Comme à son habitude, Raphaël avait rejoint la forêt dès la fin des cours. Il n’aimait pas beaucoup être enfermé. Les quatre murs de la classe lui rappelaient tellement les murs du château des Del Roso que c’était toujours avec soulagement qu’il regagnait l’extérieur.
Son calepin sous le bras et son crayon derrière l’oreille, il se dirigeait vers la forêt. De tout le parc, c’était là qu’il préférait être. Le vent qui soufflait dans les branchages et la douce pâleur des feuilles lui servaient de muses pour ses dessins et son impression de liberté y était pleine.
Hélas, ce n’était qu’une impression et il le savait. Il était prisonnier de cette école autant qu’il l‘avait été du château. Aussi les moments où il pouvait délaisser son stylo pour s’emparer de son crayon étaient pour lui un réel bonheur.
Ses pas s’enfonçaient dans la neige, faisant craquer le givre qui s’était formé à sa surface. Autour de lui, les grands arbres dénudés offraient leurs troncs d’ébènes à la morsure du vent. Raphaël grelottait un peu sous son manteau mais il aurait préféré avoir une trentaine de jours de devoirs non-stop plutôt que de ne pas s’exercer à son art préféré. Et puis, de toute façon, une fois qu’il était concentré, il ne le sentait plus, le froid.
L’adolescent choisit une petite clairière et se cacha derrière un buisson. De là, il pourrait observer certains animaux sans leur faire peur. Avant de saisir son crayon, il vérifia une dernière fois qu’il était bien à la fois face à la clairière et au vent. De cette manière, aucun animal passant par celle-ci ne pouvait détecter son odeur.

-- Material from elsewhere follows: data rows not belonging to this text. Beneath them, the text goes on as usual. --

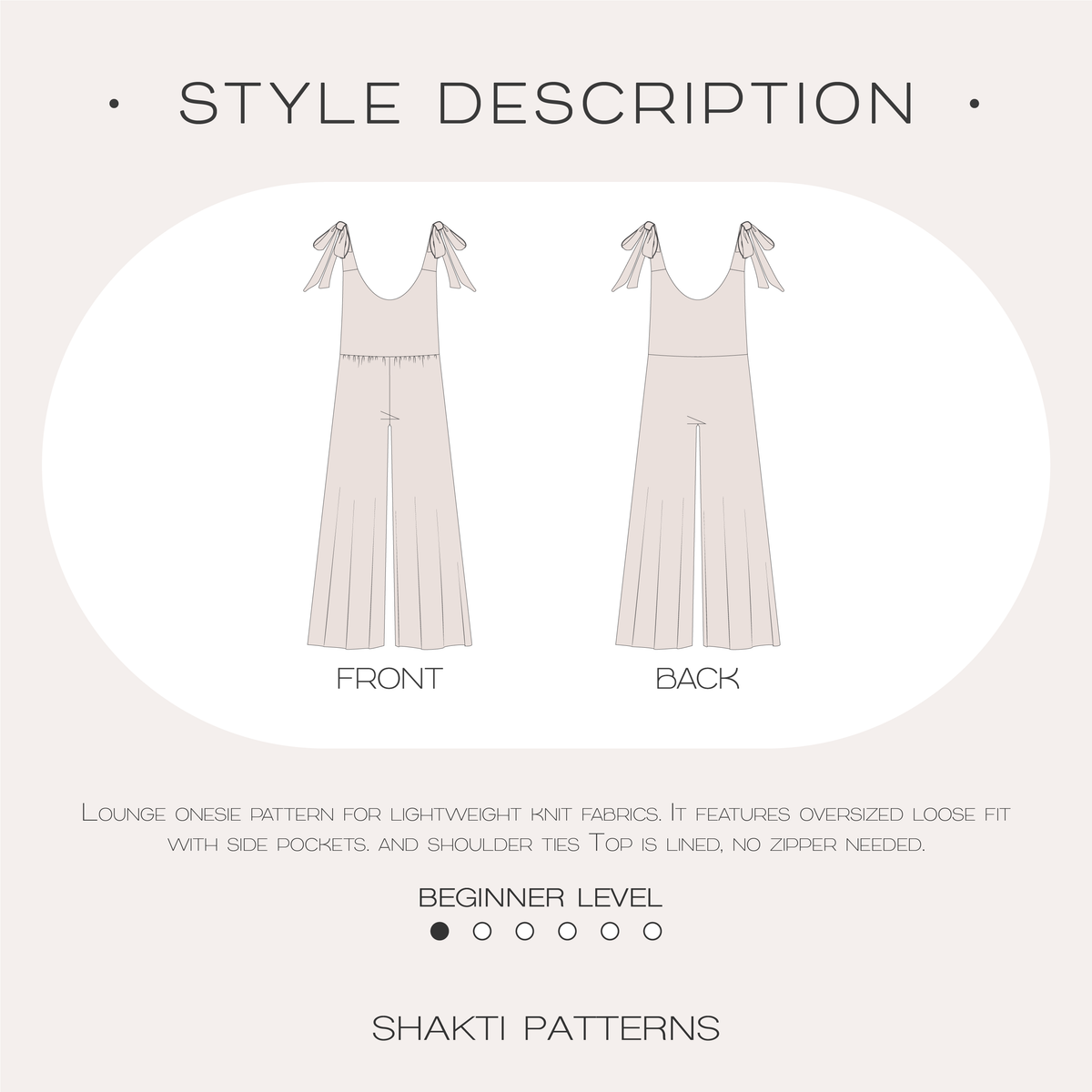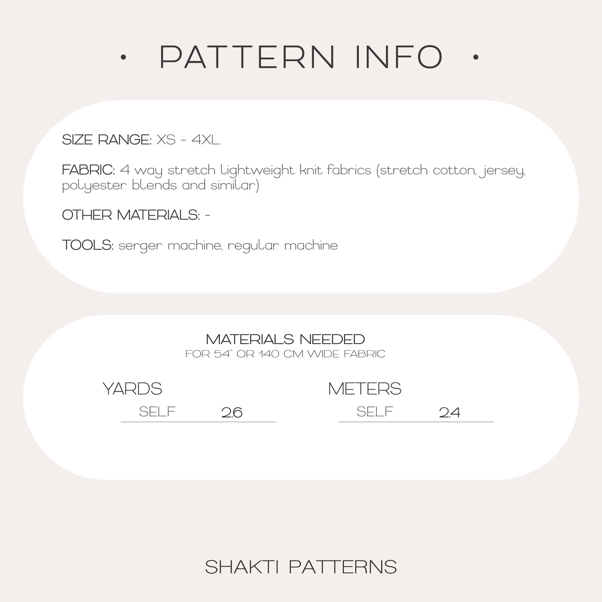 This sewing pattern is designed for lightweight knit fabrics, it features oversized look, side pockets and lined top with shoulder ties. Use same fabric for lining. No zipper needed.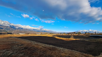 2026/04/08 今朝の寝起きは+4℃。昨日は中学校の入学式だった孫にリンゴを発送した。帰りに南牧村の資料館に寄った。石器時代や縄文時代の沢山の出土品を見学した。村の施設にしては立派な内容だった。こんなことから、今朝の写真は明野の梅の木縄文遺跡から撮ったものを送ります。明野の縄文人はこんな素晴らしい景色を眺めながら暮らしていたようだ。反対側には甲府盆地、その向こうに富士山が眺められます。 |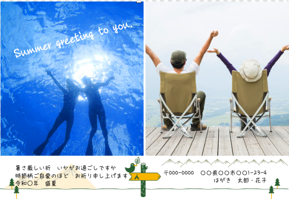 木々のワンポイントイラストが可愛らしい、シンプルな写真テンプレートです。お好みのフォントを選んで、自分好みにアレンジしてみては。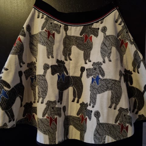 Nederdel, str. 42, Margot, Sort, rød med hvide prikker, 95 % bomuld, 5 % elasthan, Næsten som ny

Raphaël, après avoir finit ses derniers préparatifs, dégaina son outil de travail. Pendant environ une heure et demi il s’amusa à faire diverses croquis de la clairière, mais aussi d’un rouge gorge et d’un autre oiseau dont il ne connaissait pas le nom ainsi que d’une petite famille de lapins. Sur ses feuilles, son crayon glissait tel un danseur acrobatique pour former des traits gracieux. Et, petit à petit, comme par magie les traits s’organiser pour former des images. Ses dessins étaient toujours d’une extrême précision car il aimait le détail.
Et puis ils étaient apparus. Toute une bande de renards des neiges. Visiblement, ils faisaient la course quand ils déboulèrent dans la clairière. Raphaël saisit l’occasion, changea de feuille et entreprit de remplir la nouvelle de dizaine de petits canidés à grandes oreilles et longue queue.
Une dizaine de minutes plus tard, il n’en restait plus qu’un dans la clairière et le jeune homme avait déjà rempli trois feuilles de son calepin avec comme unique sujet les renards. D’ailleurs, celui qui se trouvait dans la clairière le regardait. Raphaël se demanda tout d’abord pourquoi il ne s’enfuyait pas à toutes pattes mais quand il l’examina mieux, il comprit. Ce regard bleu marine c’était celui de la gamine du toit.
*Encore elle ! Ma parole mais je la vois vraiment partout en ce moment !*
Plus en colère contre lui-même pour ne pas avoir reconnue la jeune élève plus tôt que pour autre chose, Raphaël referma brutalement son calepin ce qui eu pour effet de faire sursauter la petite renarde. Il se releva tout aussi brusquement et s’apprêta à partir.